Rebel.
Repent; the day is far too spent.
Wake up and rebel.
We must destroy in order to rebuild.
Why don't you rebel? - Lauryn Hill
The following post is the precise reason I do not have comments on this blog, although you may feel free to email me...
I was sitting in my American Literature class yesterday, expressing my opinion about Henry James' Daisy Miller. Unlike the vast majority of the class, I did not think the story's heroine was a manipulative stupid whose only goal in the story was to torture its hero. I, in fact, believed just the opposite. I'd go into a brief summary here, but it would be biased, and it is best for you to form your own opinion by giving it a read for yourself.
Here's the thing: I made the mistake of thinking that I was allowed to have an opinion, however unpopular, unless I shouted 'fire' in a building that was not burning. However, my highly opinionated lit class did not agree that I should voice my opinion - my wrong opinion, because it was different from theirs. Did I mention it was wrong?

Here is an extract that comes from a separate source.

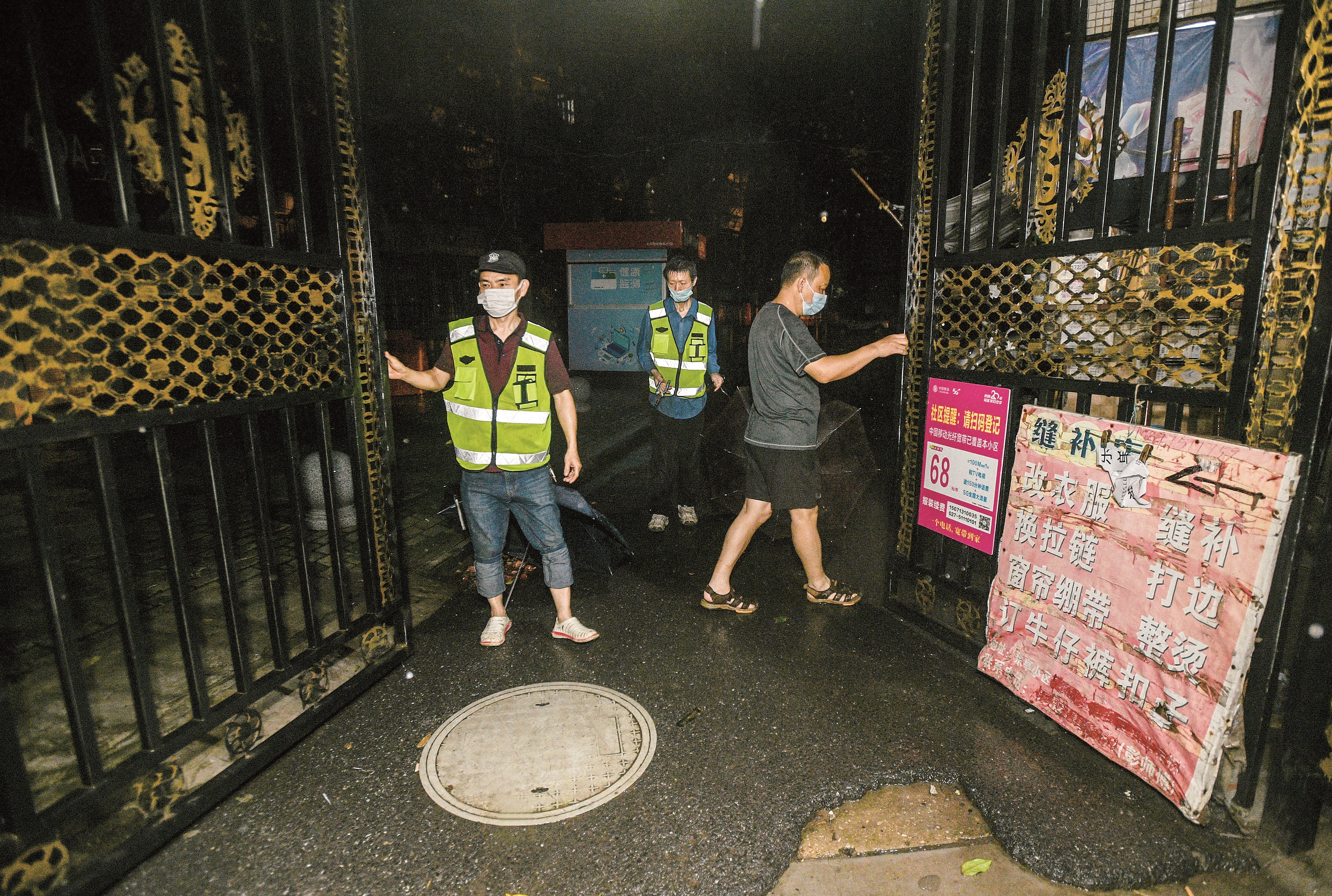 今日凌晨零时刚过,武昌东亭小区3号门重新开放,工作人员开始拆除小区周边隔挡围栏。 楚天都市报记者邹斌摄

I've never liked Emily Dickinson, but I decided to throw away my previous biases when I had to read her work for this same class last week. And, again, she disappointed me. Again, this was the wrong opinion for me to have. According to my class's majority, Emily (or Auntie Em) was so real that it moved them; they really related to her poetry. Is there anything wrong with this? No. However, I should not be pounced upon by the pro-Emily majority because of my respectfully dissenting opinion. One classmate's comment when I dared voice my thoughts (that dear Auntie, in fact, did not move my heart), "Dude, she didn't ask you to read her poetry!"
Dude?
DUDE?
She did not ask any of us to read her poetry. If memory serves, all these her diary entries were published posthumously. And even if she had consented to her publication, why should she care if the entire world did not embrace her dark thoughts on life and how many doubts she had? I am so SICK of being made to feel like my opinion is better kept to myself if it is not in agreement with the group's.
Lemme share something with you that I will probably regret later, when my inbox is flooded with angry emails:
I sleep well at night knowing that our country is being headed by a godly leader. However, por lo general, I get a sinking feeling when I think of combining church and state. Here is why: because of people like those in my lit class. What happens is people confuse absolute truth with their strong convictions of the way things should be based on those truths, proclaim that all should be free (so that they can express their beliefs which are not necessarily absolute truth), and then censor those who disagree with them once the majority has ruled that its strong convictions are absolute truth. Did I lose you in all those words? Sorry, but I felt like if I left it at: "Christian" government will eventually lead to violent oppression of peaceable dissenters, I would be misunderstood I don't mean to say that Christians should never have governmental power, only that I hate studying history because of the mistakes 'the church' has made in the past, and understand why so many are wary of trusting it.
There, I've vented.
Please count to ten and breathe deeply before you angrily flood my inbox.